Hi there. You’re on the New Zealand site,
do you want to view
Continue
Sep—20

The future of commercial real estate in the UK

As the U.K. Government seeks to achieve zero carbon emissions by 2050, it only made sense that decarbonisation of building stock, which accounts for 31% of national emissions, would be required. And now, after two years of accelerated trends in remote work, the London office market lags behind pre-pandemic levels as firms continue adapting to hybrid working and prioritise compliance with green regulations. And the scale of the challenge is not insignificant. With over 1 billion square feet of office stock across the U.K. below the proposed minimum EPC 'B' rating, commercial real estate owners will need to make hard decisions about the future of their assets and the smart investments that could save them.

What’s behind the carbon emission regulations in the U.K.?

In the U.K., buildings are responsible for 23% of all carbon emissions (direct and indirect emissions totalling 118 MtCO2/year). Some 30% of these emissions come from non-domestic buildings and approximately 70% from commercial real estate (CRE), so it made sense the government would seek to decarbonise the sector. Rapidly.

In 2008, the U.K. passed the Climate Change Act, committing the Government to cut national greenhouse gas (GHG) emissions by at least 80% from 1990 levels by 2050 and agree on progressive ‘carbon budgets’ to drive progress toward this target. Further legislation introduced in 2016 via The Energy Efficiency (Private Rented Property) (England and Wales) Regulations 2015 made it unlawful to lease residential and commercial buildings with an Energy Performance Certificate (EPC) rating below “E” from 2018 onwards. These energy measures would put U.K. office lettings under threat, so there was also a very real chance that property valuations would take a hit as well. As Aliya Ram and Kate Allen explained for the Financial Times:

“A fifth of all British office buildings risk becoming unlettable within five years as a result of new energy efficiency measures that pose a threat to the value of property investors’ portfolios.”

Graeme Murray, head of sustainable engineering at property consultants CBRE, said the changes were already having an effect on property values. “You are already seeing EPC ratings being factored into transactions.”

Then, the Net Zero Strategy was published in 2019, which, if supported by effective policies, would see the U.K. bring all GHG emissions to Net Zero by 2050. The Fifth Carbon Budget (covering 2028 to 2032) requires emissions to be reduced by 57% by 2030 compared to 1990, and The Sixth Carbon Budget–The U.K.’s path to Net Zero, sees further plans to decarbonise by 2035, requiring emissions to be reduced by 78% compared to 1990. And now, financial incentives seek to make progress on that front. So obviously, first in line to take losses will be the owners of lower-grade office buildings, given that since 2018, commercial properties have required an EPC rating of at least ‘E’ before they can be subject to a new lease. And come 2027, that requirement shifts to a ‘C’ rating.

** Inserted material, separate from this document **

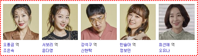 조은숙(오풍금 역) / 윤다영(서보리 역 ) / 신현탁(강석구 역) / 정보민(한슬아 역) / 오유나(최선해 역)

Now we’re seeing parallels to the 2018/2019 retail [property] crash, facing a perfect storm of weaker demand for space, higher construction, think, retrofitting costs, fewer lenders, buyers, and higher interest. So, while investors have struggled to price climate risk into their decision-making, price premiums have emerged, as you can see in this data below from MSCI, for buildings that have sustainability ratings from organisations like the Building Research Establishment (BREEAM) and National Australian Built Environment Rating System (NABERS) versus those yet to achieve these standards. Office space in London classified as ‘green’ currently commands a 25% sale premium. Data compiled by JLL also confirms that green-certified buildings have historically achieved a financial return on investment.

Img21

Bloomberg recently profiled the chief executive officer of Great Portland Estates Plc, Toby Courtauld, who has been betting on another developer retreat. It is an interesting read. He believes it is the tsunami of rising interest rates, a looming recession and new rules to stave off climate change that threaten to make much of the office buildings obsolete. Courtauld anticipates that all but the greenest workplaces will face a brutal repricing. Jack Sidders writes for Bloomberg:

“The level of rent was just not an issue,” Courtauld says, describing GPE’s negotiations with its tenant. “The top issue that they were most concerned about was sustainability.”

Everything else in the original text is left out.